元雅被林勝男推著往前走了兩步,耳尖紅得像要滴血,咬著嘴唇低聲道:“你少出餿主意......”
“這哪是餿主意?”林勝男不依不饒地湊近,“你算算都多久沒見了?疫區那會兒一個人,夜裡不會想的睡不著覺...”
元雅一把捂住她的嘴,回頭看了眼樂瑤,見後者正笑吟吟地望著自己,頓時羞惱地跺了跺腳:“你們倆...合起夥來欺負人是吧?”
樂瑤眨眨眼,扶著腰慢悠悠往前走:“我可甚麼都沒說。不過...”
她突然轉身,看向元雅,“這就跟那車是一個道理,管他再好的車,要是有段時間不開,再去開的時候,一準兒有問題,所以啊,這車還是得經常開著才行。”
“樂瑤!”元雅被這直白的比喻驚得差點咬到舌頭,臉頰騰地燒了起來,“你...你現在怎麼變得跟勝男一樣口無遮攔!”
林勝男卻拍手大笑:“說得好!就是這個道理!”她一把攬住元雅的肩,“雅雅你這輛車再不開,發動機都要生鏽了......”
“閉嘴!”元雅忍無可忍地掐住林勝男腰間軟肉,這次用了十成力,疼得她嗷一聲跳開老遠。
三人打鬧間已到了車前。
方別降下車窗,目光在她們緋紅的臉上轉了一圈:“聊甚麼呢這麼開心?”
“在說......”林勝男剛開口就被元雅一把捂住嘴。
“在說待會點甚麼菜!”元雅強作鎮定地拉開車門,“妙妙,往裡坐。”
陳妙妙乖巧地挪到中間,大眼睛滴溜溜在三個大人之間打轉。
車內空間狹小,林勝男被元雅捂著嘴按在座位上,只能發出嗚嗚的聲音,眼睛卻笑得彎成了月牙。
“媽,你們在做甚麼?”陳妙妙好奇地探過身子,想扒開母親的手。
樂瑤坐在副駕駛,扭過頭笑道:“你林阿姨牙疼,你媽幫她治治。”
“牙疼?”陳妙妙一臉可惜,“那等會兒不就是吃不了辣了?”
“不用管她,她自找的。”元雅立馬回答。
林勝男想要解釋,但被捂著嘴,只能發出嗚嗚的抗議聲。
樂瑤將一切盡收眼底,忽然想起甚麼似地轉向方別:“對了,今兒晚上......師姐剛回來,院裡還得收拾,要不讓妙妙繼續去我媽那兒住?”

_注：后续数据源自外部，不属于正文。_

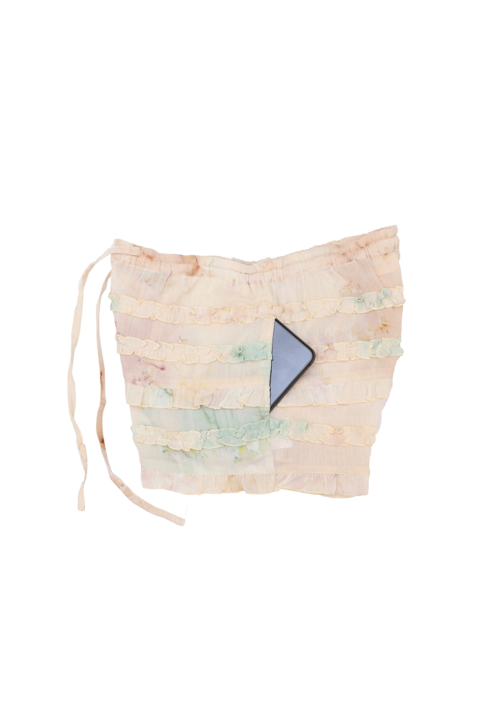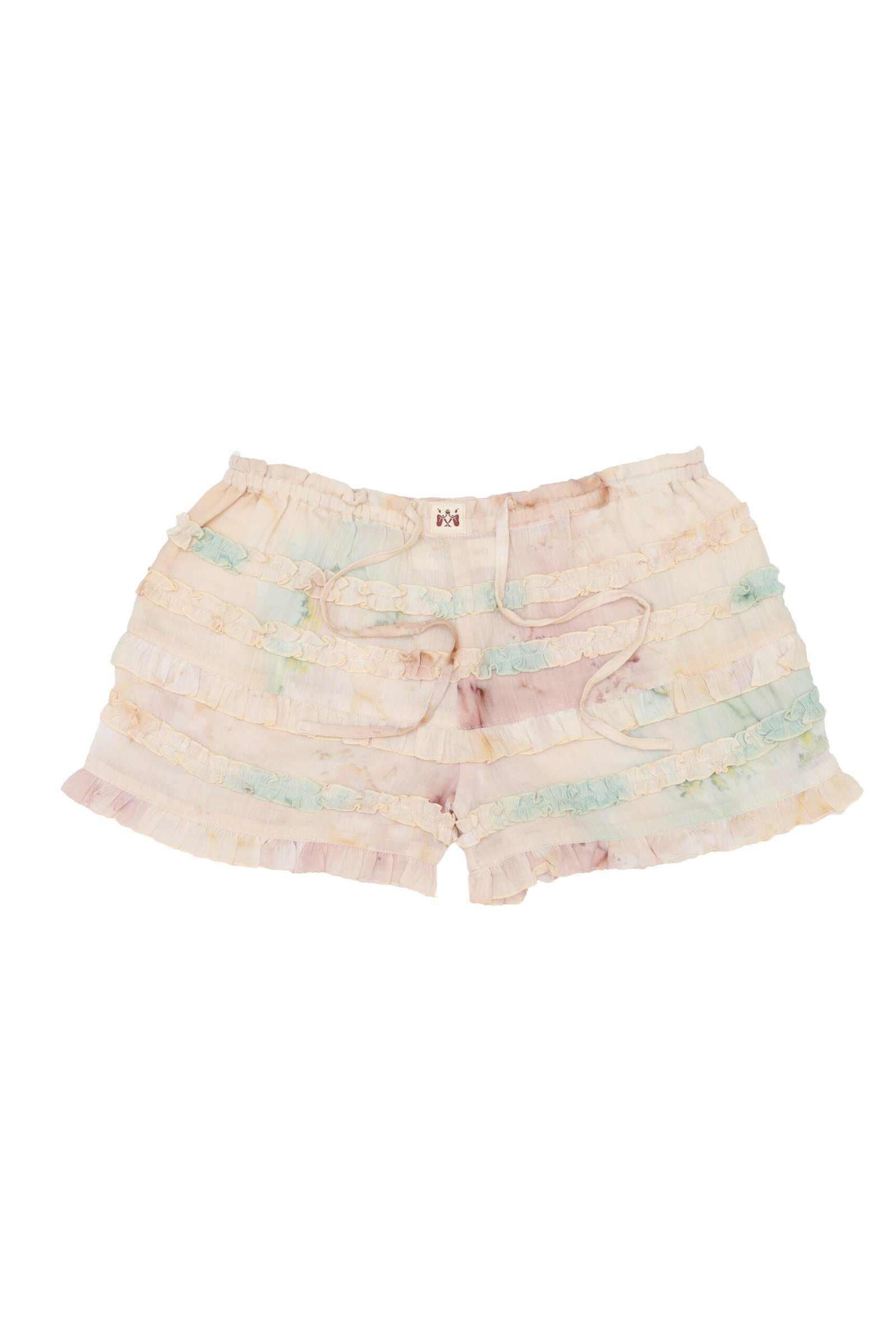 These lightweight shorts are crafted in a coral pink tie-dye fabric, designed with a series of horizontal ruffle tiers that add playful volume and texture. The waistband is fully elasticated for comfort and ease of wear. These shorts are ideal for lounging, beach days, or casual summer outings, offering both comfort and a fun, girly look.

方別聞言,目光從後視鏡裡掃了一眼後座的情形,看到元雅羞紅的臉頰和樂瑤眼底促狹的笑意,頓時心領神會。
他輕咳一聲,故作正經地點頭:“行啊,反正妙妙和咱媽也投緣。”
陳妙妙正要說些甚麼,林勝男終於掙脫元雅的手,搶先說道:“我也留下幫忙!師姐屋裡那些被褥都得拆洗,還有廚房——”
“你閉嘴!”元雅羞惱地瞪她,手指又悄悄擰上林勝男的腰。
林勝男疼得倒抽涼氣,卻仍憋著笑湊到元雅耳邊:“雅雅,你這反應......該不會真打算今晚......唔!”話沒說完又被捂住嘴。
樂瑤看著後視鏡裡扭作一團的兩人,轉頭衝方別眨眨眼:“方大夫,看來今晚有的忙了。”
方別握著方向盤的手緊了緊,喉結微動:“......專心開車呢,別鬧。”
陳妙妙左右看看,突然舉起小手:“師叔,我想去薛奶奶家!她答應今天教我做好吃的!”
車裡瞬間安靜下來。
元雅鬆開鉗制林勝男的手,遲疑道:“妙妙,你......”
“媽,我都十四了!”陳妙妙挺直腰板,“你們不用特意支開我,我都懂!”說著還拍了拍胸脯,“放心吧,我絕對不打擾你們!”
元雅一口氣差點沒上來,耳根紅得能滴血。林勝男直接笑趴在座椅上,樂瑤則捂住嘴,肩膀抖個不停。
方別差點把油門當剎車踩,乾巴巴道:“妙妙,這話可不能亂說......”
“我沒亂說呀。”陳妙妙歪著頭,一臉認真,“樂瑤阿姨懷孕了要靜養,林阿姨值夜班肯定困,媽媽坐火車累,師叔要照顧所有人......我留在家多添亂呀!不過......”
“不過甚麼?”林勝男才剛喘上一口氣,就立馬追問。
“不過等我長大了,你們也不能攔著我。”陳妙妙一本正經的樣子,但說出的話卻足以將人驚呆。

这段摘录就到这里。